乃木坂46の”Sing Out!” について書きたくなった。
”君の名は希望”、”シンクロニシティ”からの流れの一つの到達点のような気がする。
黒っぽいリズムとMVの板張りのステージでの踊り、最後の木の素材で組み上がられた場所でのダンス。
いままでの乃木坂46にはあまりなかったような、土の匂いがする。まるで土から、大地から空に、そして見えないこの世界の向こう側へ向かおうとするような、そんなイメージを受け取る。
いままでは、希望をつかみとろうとしたり、涙を流す人の何かを引き受けて、それを反転させようとしたりしてきた気がする。そこには「希望を求めるもの」どうしの、あるいは「涙をながすもの」どうしの共鳴があった気がする。
しかし”Sing Out!”は、乃木坂46が、とくにセンターの齋藤飛鳥が、世界のどこかにはどしゃ降りの雨が降り続き、声も失った人々がいることを十分知りながら、その雨がやみ、声が聞こえるようになるまで、いつまでもここで歌いつづけるんだ、と言っているように思える。

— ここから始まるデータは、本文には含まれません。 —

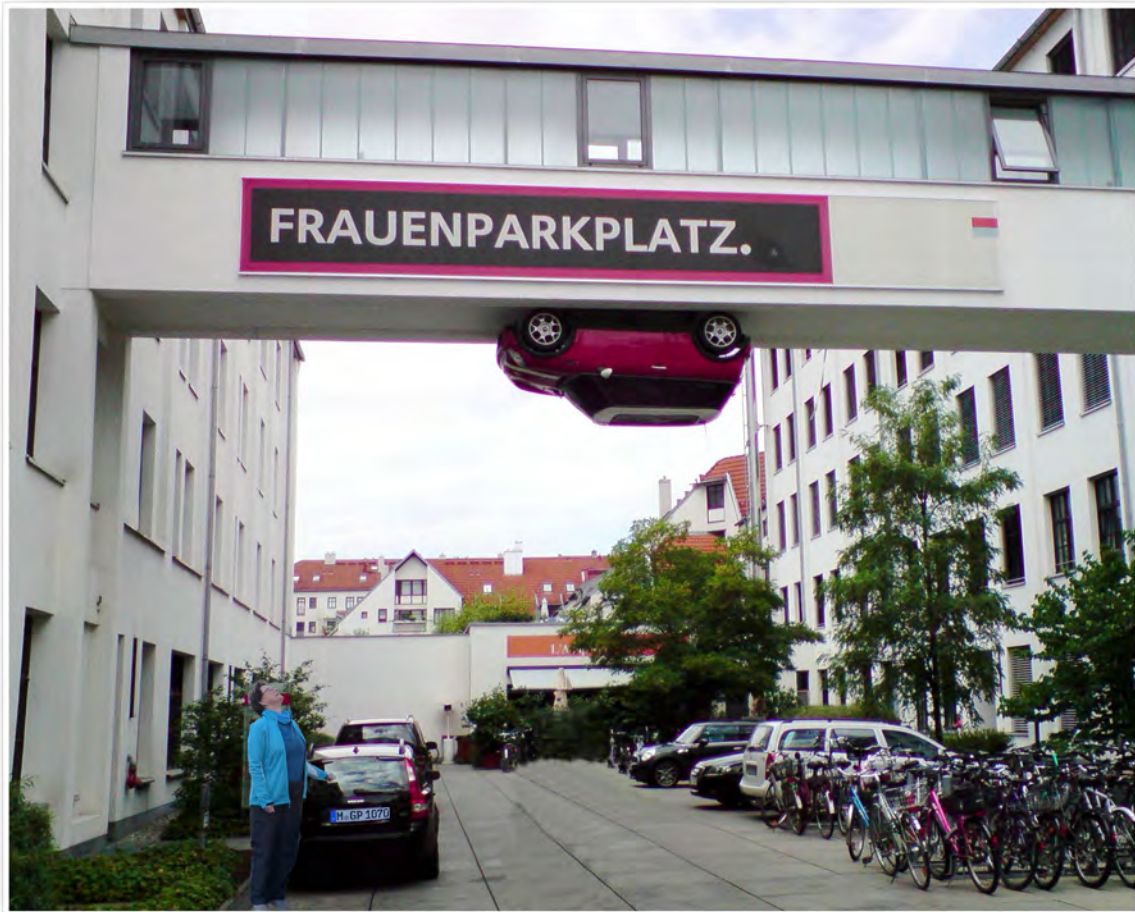
Frauen können nicht einparken

「希望」という言葉は、たぶん、乃木坂46の核にあり続けるものだっただろう。
しかし”Sing Out!”で齋藤飛鳥は、すべてをわかった上で、そのことの現実の困難さ、届かなさもわかった上で、自分自身が「希望」という言葉の結晶のようになり、「ここで」歌い、踊り続けようとしている。
まだ力強いものではないけれど、かといってか弱いものでもない、そんな「希望」という、それこそ乃木坂の核を、土の匂いのする場所から風に乗せ世界にむかって、送り出そうとしている気がする。
そしてそれはどこかで欅坂46の「黒い羊」への根本的なアンサーソングになっているようにも思えてしまう。
そんな事を考えながら”君の名は希望”、”シンクロニシティ”そして”Sing Out!”のMVをみていると、ふとある詩人のことを思い出した。
比べるのはいろいろな意味で不当かもしれないが、パウル・ツェランという詩人がいた。
彼は自分の言葉を「投壜通信」といった。
ツェランのテキストがPCにむかっている手元にないので、とりあえず岩波の『思想』に書かれた金時鐘の文章から重引する。
「詩は言葉が現われるひとつの姿なのですから、また、したがってその本質からして対話的なものなのですから、詩はひとつの投壜通信であるのかもしれません。どこかに、どこかの岸に、ひょっとすれば心の岸に打ち寄せられるかもしれないという信念――必ずしもいつも確かな希望をもってではありませんが――のもとに、波に委ねられる投壜通信です。詩は、このようなあり方においてもまた、途上にあるのです。つまり詩は何かにむかって進んでいるのです。何にむかっているのでしょう。開かれている何か、占有しうる何か、ひょっとすれば語りかける『あなた』。語りかけうる現実にむかってです」。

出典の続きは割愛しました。